This story has to be told just the way it is.
The scene opens with me getting fired from my job in San Francisco after a heart-wrenching year apart from my wife and kids. I return home to a depressing, dead-beat town where the wind blows life sideways, often punctuated by cold pellets of rain.
I am unemployed and in really bad shape, and so are the people I love. My wife and I take the time to fight about every little niggling detail—from the compost pile in the yard to the correct time of day to start drinking. It’s fucking ridiculous, and sad.

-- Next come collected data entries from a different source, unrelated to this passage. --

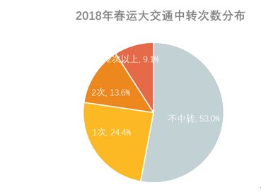 《報告》數據顯示,近50%受訪者在春運出行途中需經歷至少一次大交通的中轉。究其原因主要有兩點,一是我國城市化的發展,人員集中在一、二線城市,在春運這個有特殊意義的時間節點上流動趨勢趨同,造成了交通運力上局部供需不平衡;二是信息不對稱,對春運出行的大多數旅客來説,規劃回家路線時決策成本過高,要考慮價格、時間、舒適度、購票難度、中轉方法、出發時間等多個問題。
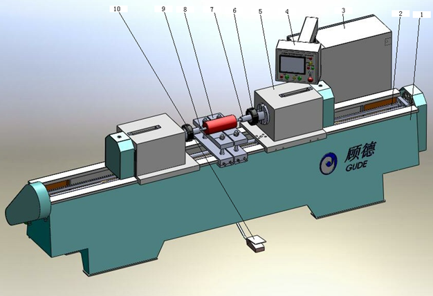 1床身 2傳動總成 3電控箱 4觸摸屏操控站 5左右機(jī)箱 6壓裝機(jī)具 7壓套桿 8輥皮支臺 9頂桿 10腳動開關(guān)
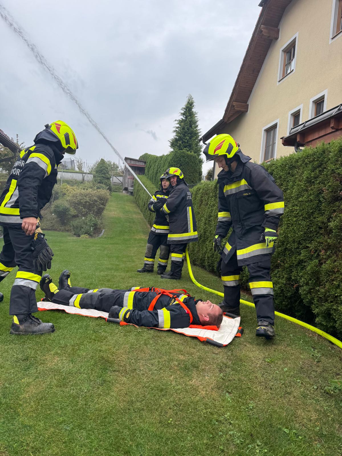 Im Übungsszenario kam es zum Brand eines Gasgrills mit Übergriff auf die Terrassenüberdachung. Ziel war die strukturierte Brandbekämpfung sowie die gleichzeitige Rettung einer Person über die Leiter!
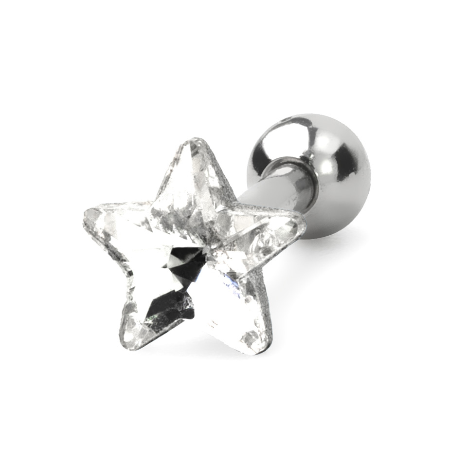 The stud has a gauge of 16g (1.2 mm) and a length of 1/4" (6 mm), while the zirconias are approximately 1/8" (3 mm). The balls can be screwed and unscrewed, just like regular piercings. All of them have the same characteristics; the only difference is the shape of the stone and the color.
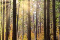 Zonnestralen schijnen tussen de bomen van het bos in de herfst
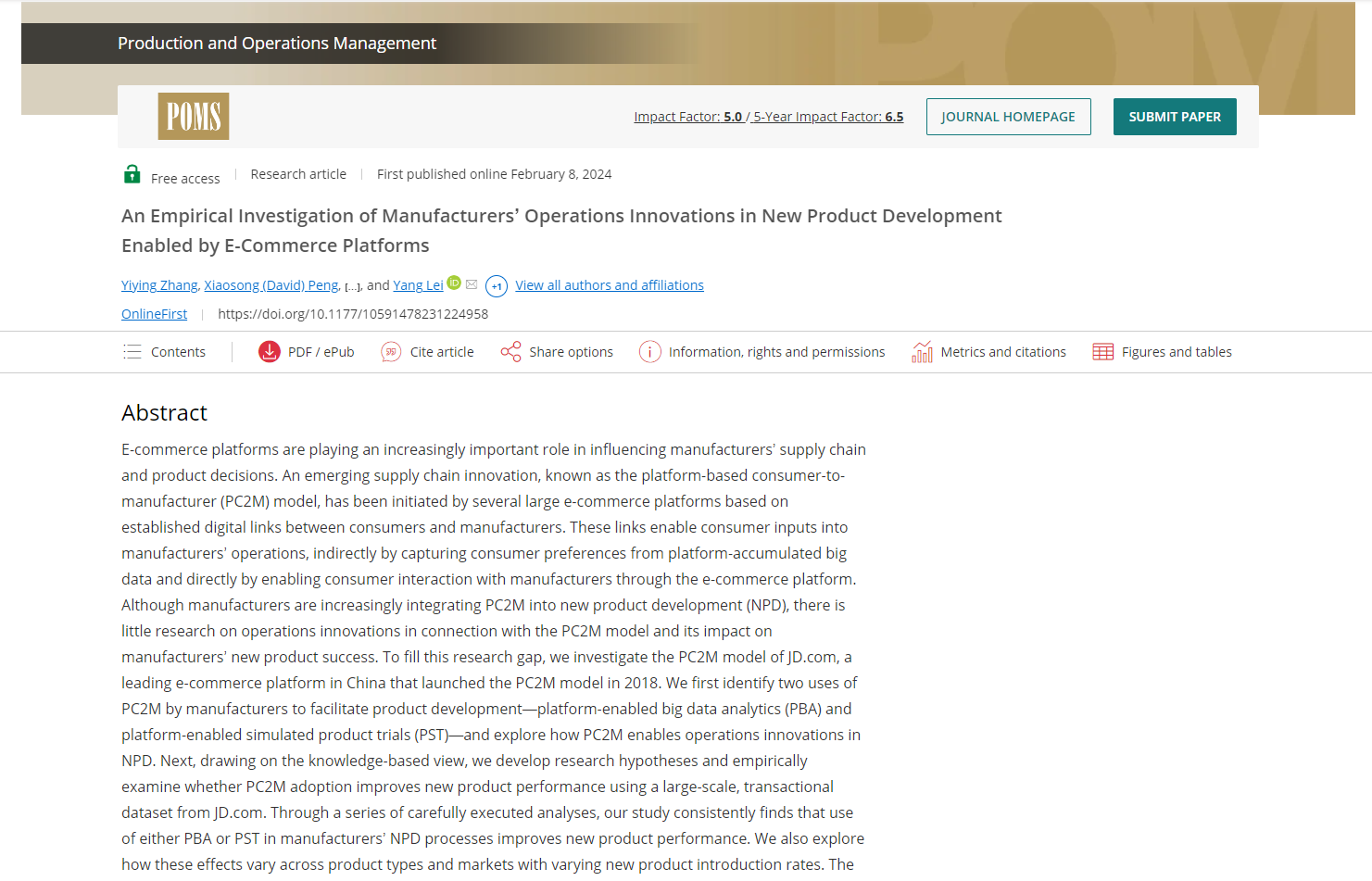 2024/02/23工管院张逸颖研究成果在国际管理学顶刊发表近日,工商管理学院信息管理与电子商务系助理教授张逸颖在供应链管理领域研究取得新突破,研究成果以“An Empirical Investigation of Manufacturers’ Operations Innovations in New Product Development Enabl...
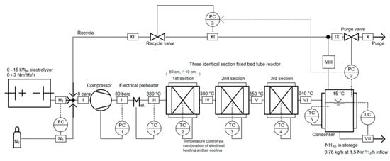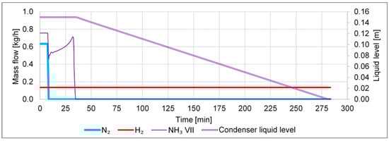 The 10 L condenser in Figure 1 separates the reactor products into mainly liquid NH3 in stream VII and gaseous H2, N2, and NH3 in stream VIII. The condenser liquid level is controlled (LC) via outlet stream VII. Stream VII is stored in a 30 L pressurized tank at 20 bar at ambient temperature in the liquid state. The pressurized tank is not included in Figure 1.
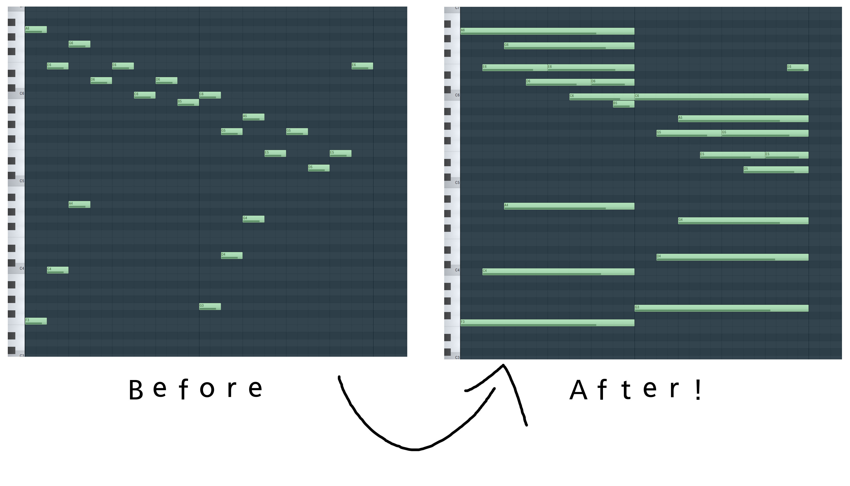 서스테인 페달이라도 썼다면 편하게 키음을 뽑을 생각은 하지 않는것이 좋을 것이다. 밑에처럼 일일이 노트를 하나하나 뽑는 정성을 보여주거나, 위 이미지와 같이 페달이 끝나는 마디까지 롱노트처럼 그냥 좍 드래그해라. 이건 서스테인 페달을 쓴 것은 아니라 사실상 사기 행각이지만, BMS를 실제 연주할때는 실제 피아노 연주자가 아닌 이상 체감 차이 안 난다.
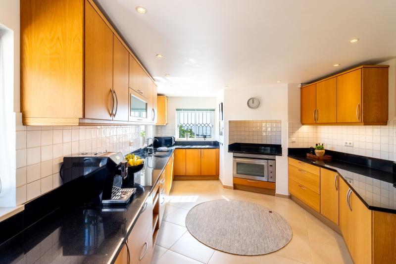Die zum Wohnbereich offene Küche ist vollständig mit hochwertigen Geräten ausgestattet, darunter ein Induktionskochfeld und ein extra großer Backofen.
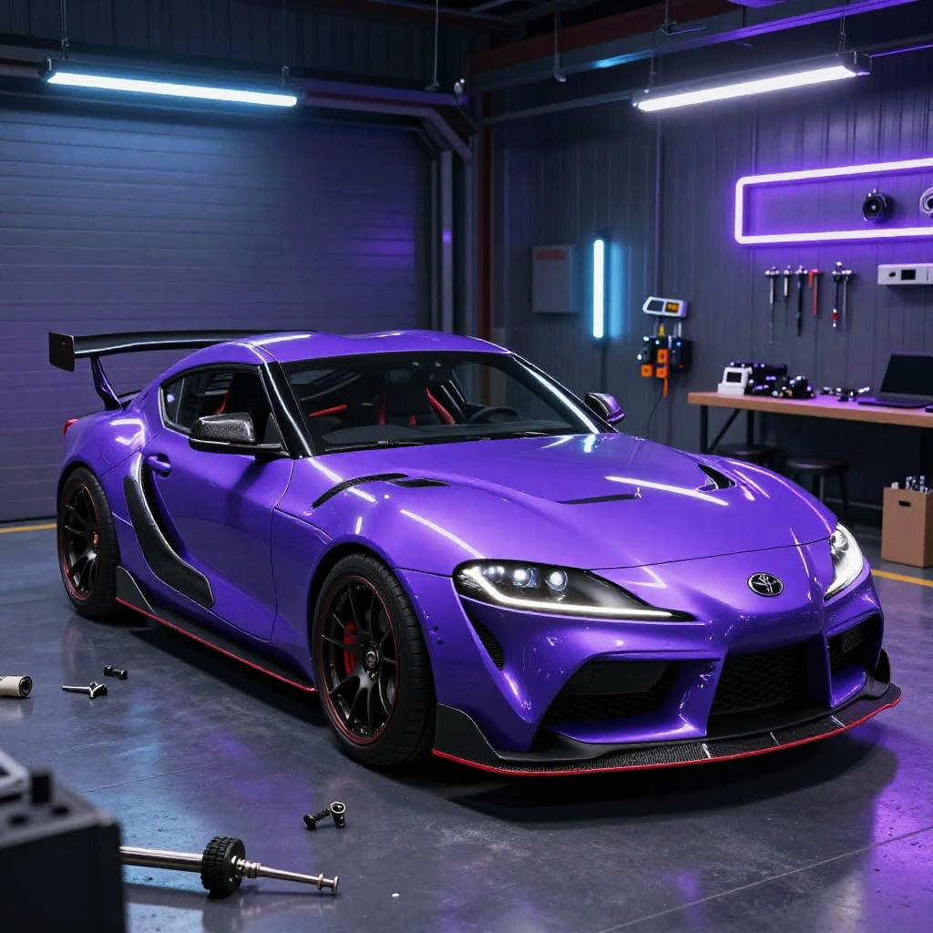 Purple Toyota Supra customized with futuristic modifications in a high-tech garage, illuminated by blue and purple LED lights, tools and parts scattered around, hyperrealistic rendering of metallic textures, detailed interior and exterior visible through open doors.
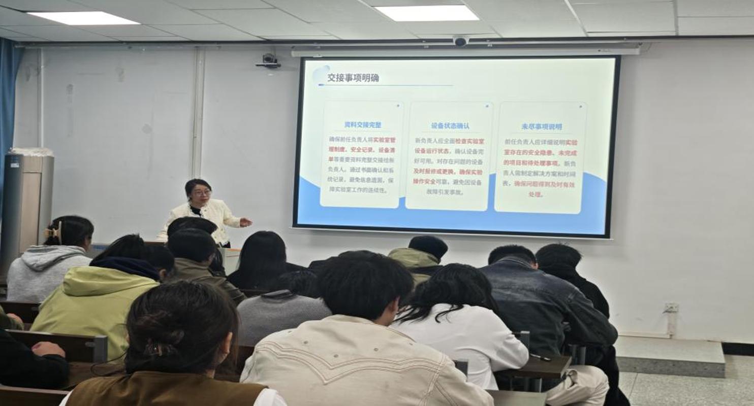 期间,刘倩老师从实验室安全制度执行,实验操作规范,危险品管理,事故原因探究等方面明确新老实验室管理员交接事项。同时,多层面,多维度对各实验室管理员进行安全培训。
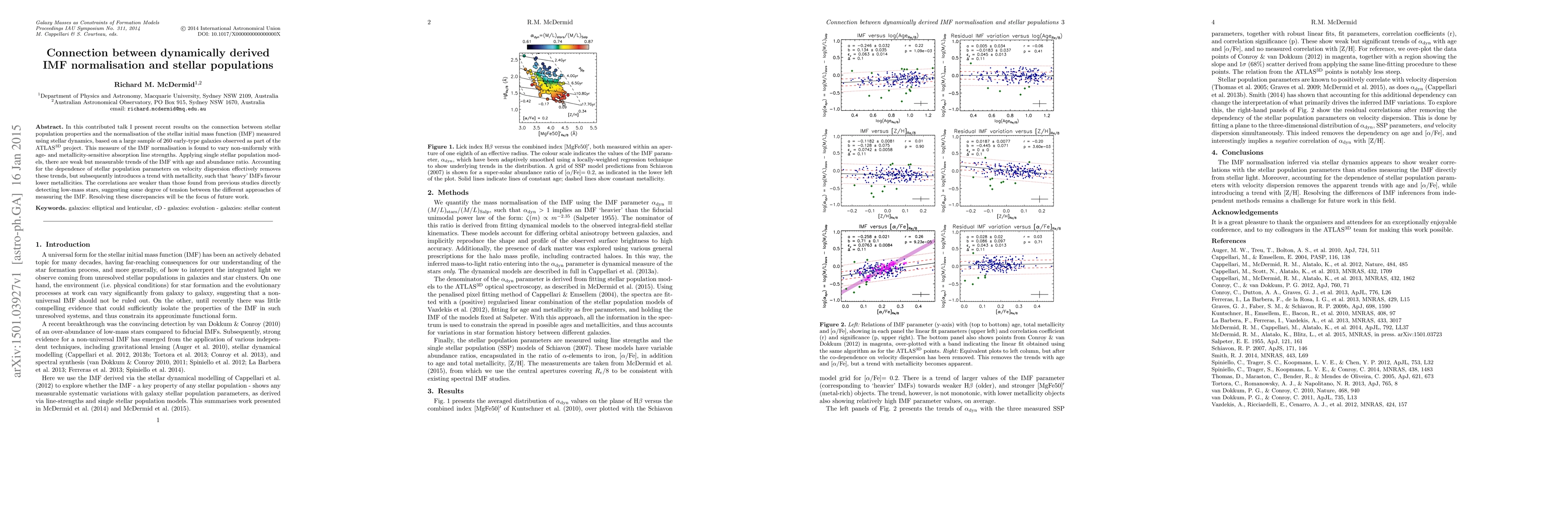 In this contributed talk I present recent results on the connection between stellar population properties and the normalisation of the stellar initial mass function (IMF) measured using stellar dynamics, based on a large sample of 260 early-type galaxies observed as part of the Atlas3D project. This measure of the IMF normalisation is found to vary non-uniformly with age- and metallicity-sensitive absorption line strengths. Applying single stellar population models, there are weak but measurable trends of the IMF with age and abundance ratio. Accounting for the dependence of stellar population parameters on velocity dispersion effectively removes these trends, but subsequently introduces a trend with metallicity, such that `heavy' IMFs favour lower metallicities. The correlations are weaker than those found from previous studies directly detecting low-mass stars, suggesting some degree of tension between the different approaches of measuring the IMF. Resolving these discrepancies will be the focus of future work.
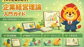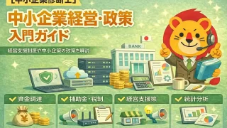 中小企業診断士一次試験「中小企業経営・中小企業政策」の全体像、頻出論点、得点戦略、学習順序、勉強時間、勉強法を独学向けに体系整理。暗記×本質理解で60~70点を狙う入門ガイド。
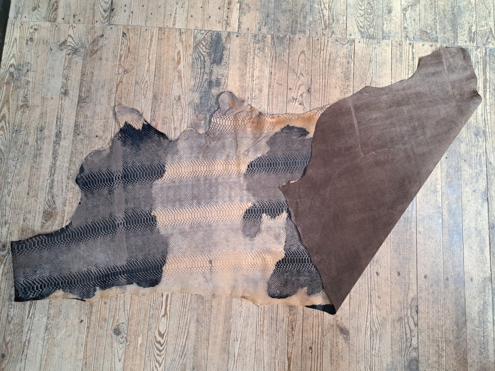 Demi-peau de vache poil tachetée effet serpent - Brun clair/Marron
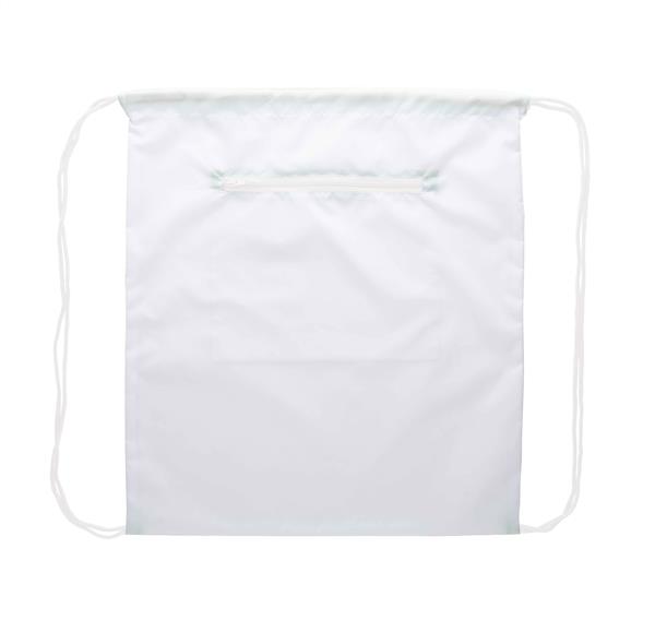 Description: Personalizowany worek ze sznurkami z zamkiem na froncie, 190T poliester. Z nadrukiem sublimacyjnym na całości. Min. ilość: 25szt. Primary Color: biały Material 1: 190T poliester Rozmiar: 370×425 mm
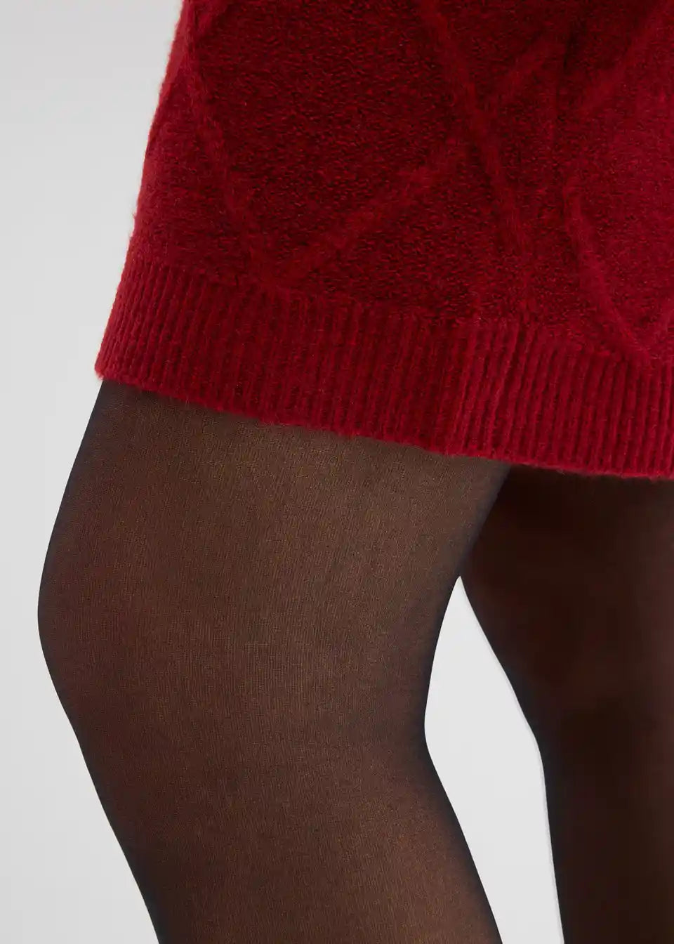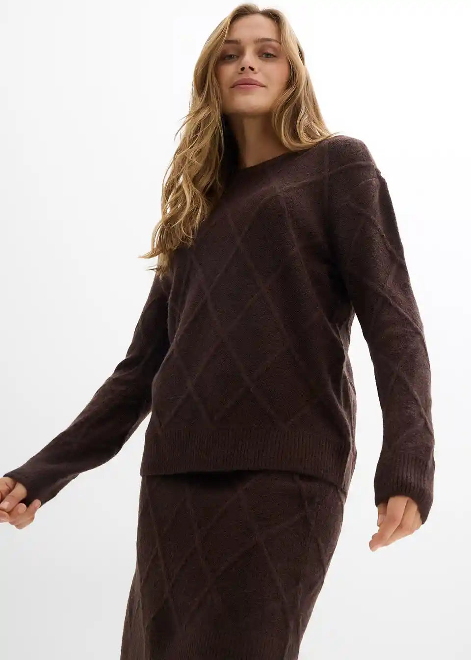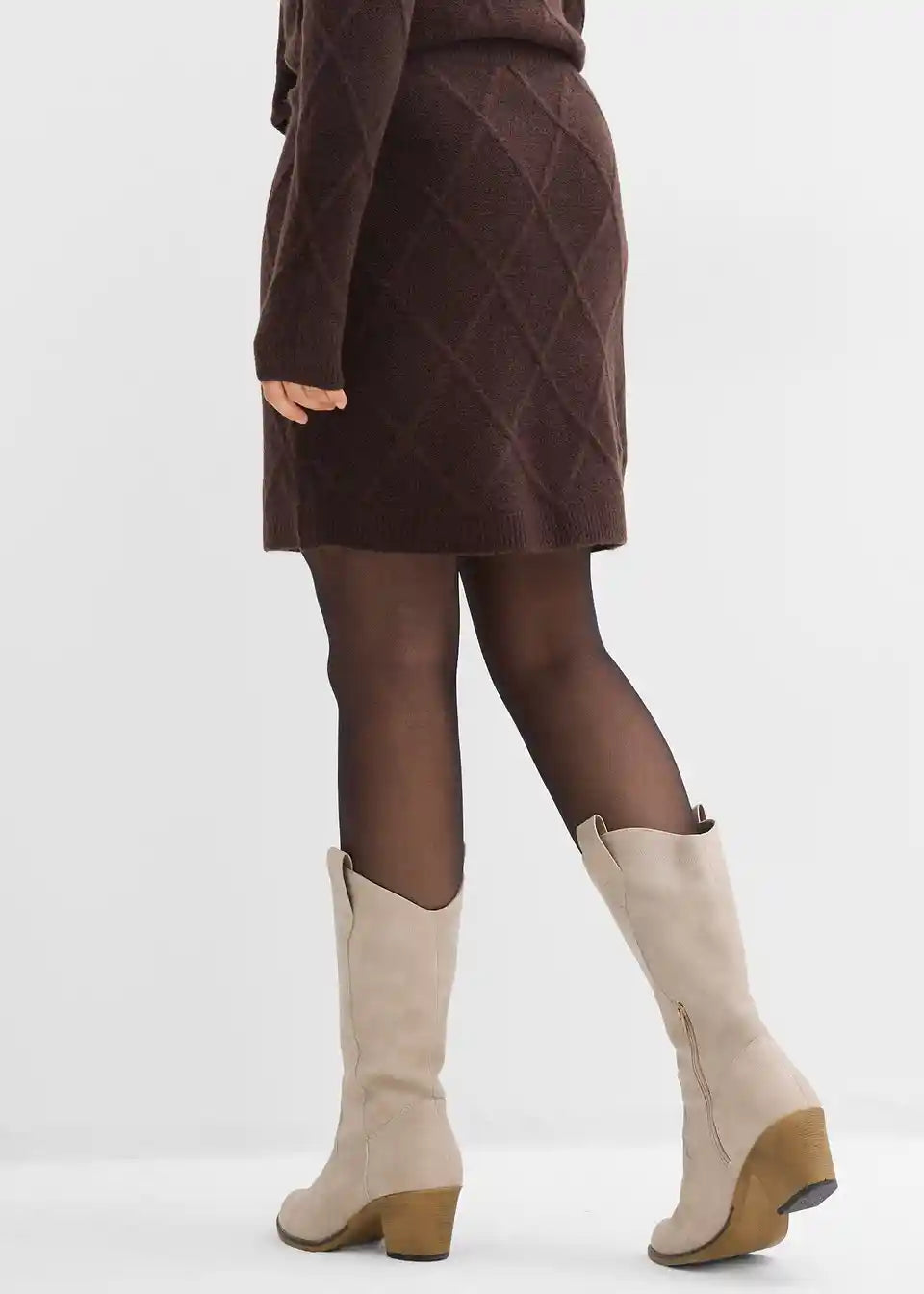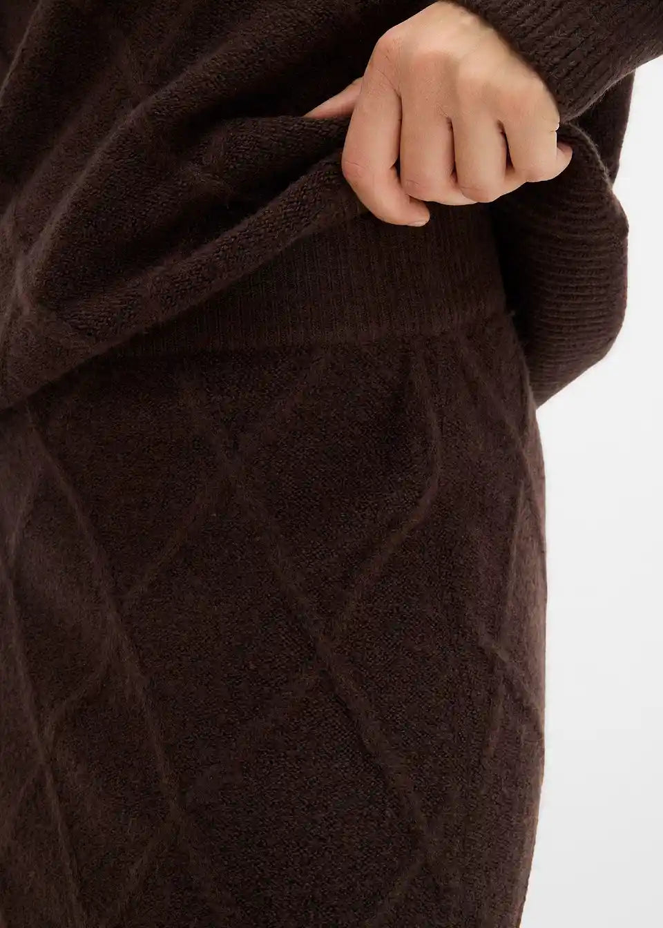 Udobno pleteno krilo iz kitaste pletenine. Visok krojena model z rebrasto pletenino v pasu in na spodnjem robu.

I don’t know what’s going on. It gets so bad at times I can’t even move my body. I can’t even remember how it feels to be baseline normal, to wake up and feel like there’s some sort of purpose to living.
Friends and colleagues call and I don’t respond. The world jumps out at us and I don’t even shrug. This is not the way it’s supposed to be, but it is the way things really are.
The sickening thing about writing like this is that I want to express these feelings on my public blog, but I can’t. I have to put on a charade to appease the corporate world, the marketing world. Nobody wants to hear these problems when they’re trying to sanitize their life.
Yet if I don’t write, I will die and I’ll bring the whole ship down. Watership down. Yet it feels good to do a little stream of consciousness like this—gets the gnats out and the words flowing. It’s so pure and un-marketing like. It’s the kind of writing I buried alive years ago, when I decided that I had to join cabal of copy and marketing and sales and corporations—the art-killers, the money holders of the world. The so-called movers and shakers.